For Covid-19 patients with mild or unclear symptoms and on shorter distances, Air Alliance sought out other solutions. In collaboration with a university hospital in Austria, the company is working on a mobile PCR test (amplification of DNA) for aeromedical transportation. The goal is to have reliable and fast Covid-19 testing en route if this is not available at the patient’s location. It is also looking into PMIU solutions for smaller aircraft to meet market demands.
At present, about 15 to 20 per cent of all patients are infected with Covid-19. To meet the new demand for isolated patient transports, the company invested in an EpiShuttle for Covid-19 patients, which requires intensive training for the aeromedical crewmembers, and is perfectly suited for longer trips. All EpiShuttle flights are done on the company’s Challenger aircraft.
Kluge added: “On top of our existing strict infection protocol, we have taken serious measures to protect our crews and our staff.
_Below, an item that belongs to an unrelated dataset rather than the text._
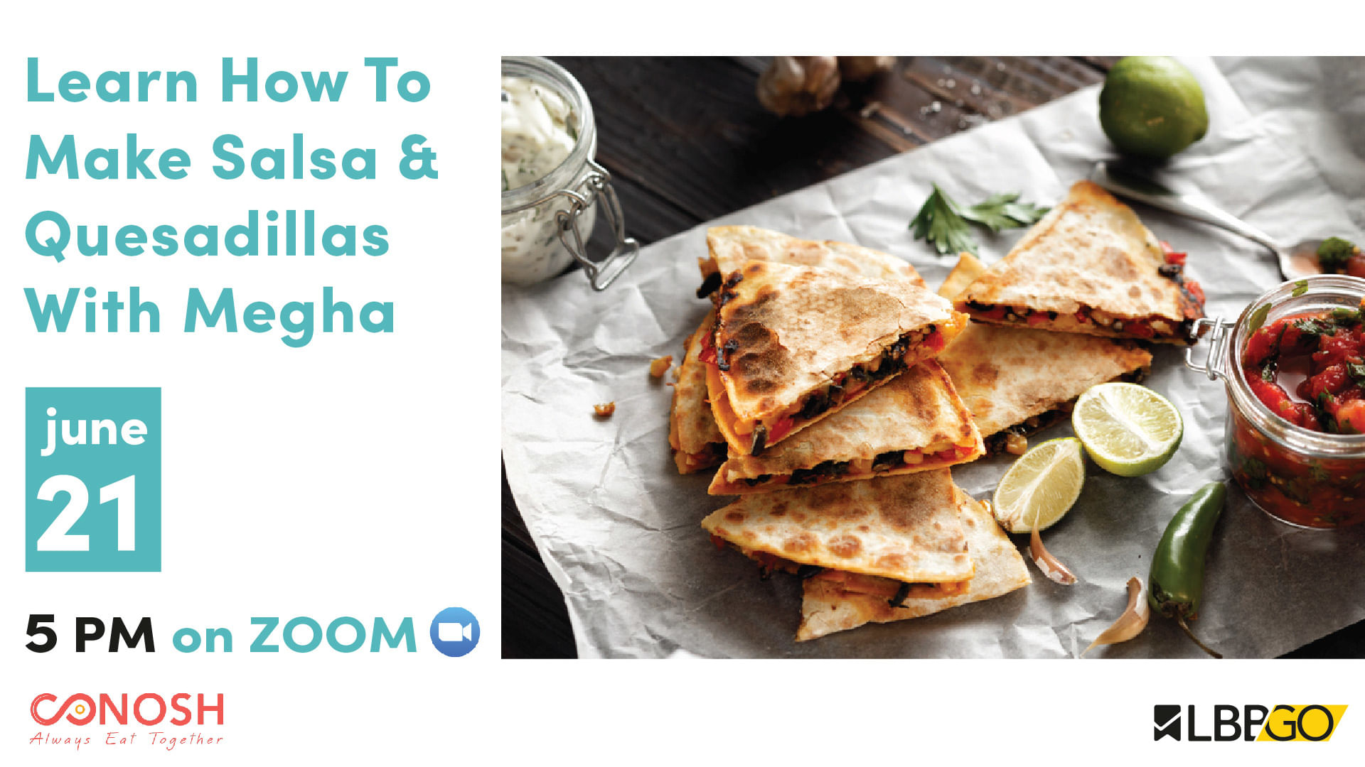Are you a Mexican food lover? If yes, then come and learn how to make Quesadilla and Salsa from scratch with Megha this Sunday, 21st June 2020 at 5PM. So wear comfortable clothes and bring out your inner chef!

For example, we do Covid-19 tests in our office and obtain the lab results within a few hours. Our crews have to measure their temperature regularly and to report any flu-like symptoms immediately.
As an air ambulance company, we are relatively lucky as medevacs are considered humanitarian and we still can land on most airports. However, flight and logistical planning have become a big challenge and are often very time-consuming.”
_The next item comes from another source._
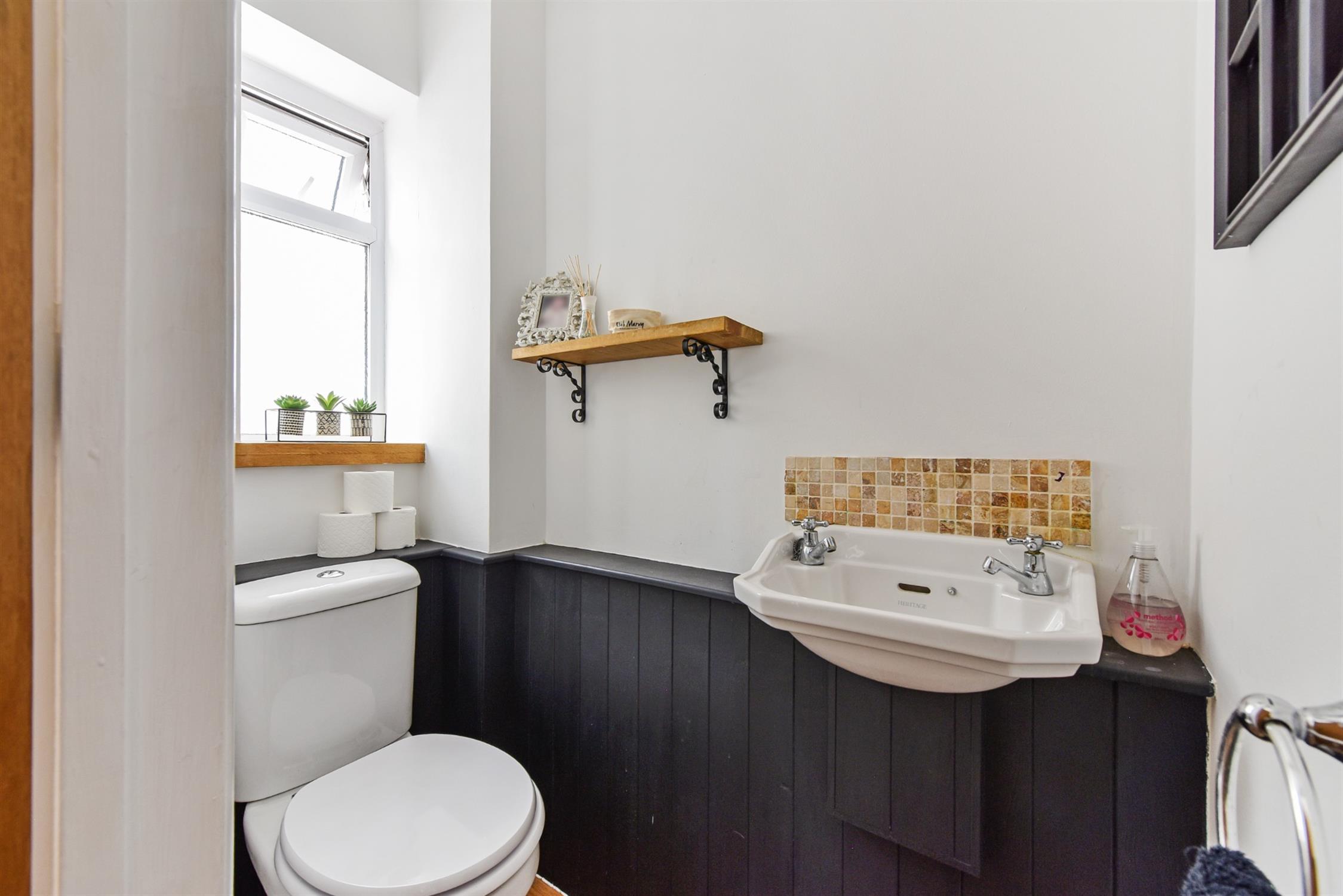 Double glazed window to the side aspect. Low level WC. Wash hand basin. Continuation of the flooring from the entrance hall.

With digitization as a core driver of all economic developments, Air Alliance introduced a new case management and ticketing system in May 2020, and is analyzing its processes with regards to the entire value chain. Advantages of integrated digital processes are faster response times, as well as streamlined and more individual communication with clients. The company also started to digitize medical documentation and its medical inventory management system. A new comprehensive data center will be launched later this year.
And is there hope for the future? Of course, because as long as there are challenges, the air medical community will work to overcome them and find new ways of working that allows patients to access the treatment they need. Kluge commented: “We expect to explore new markets in terms of clients and geographies. Last but not least, digital transformation will be an important aspect to remain innovative and competitive.”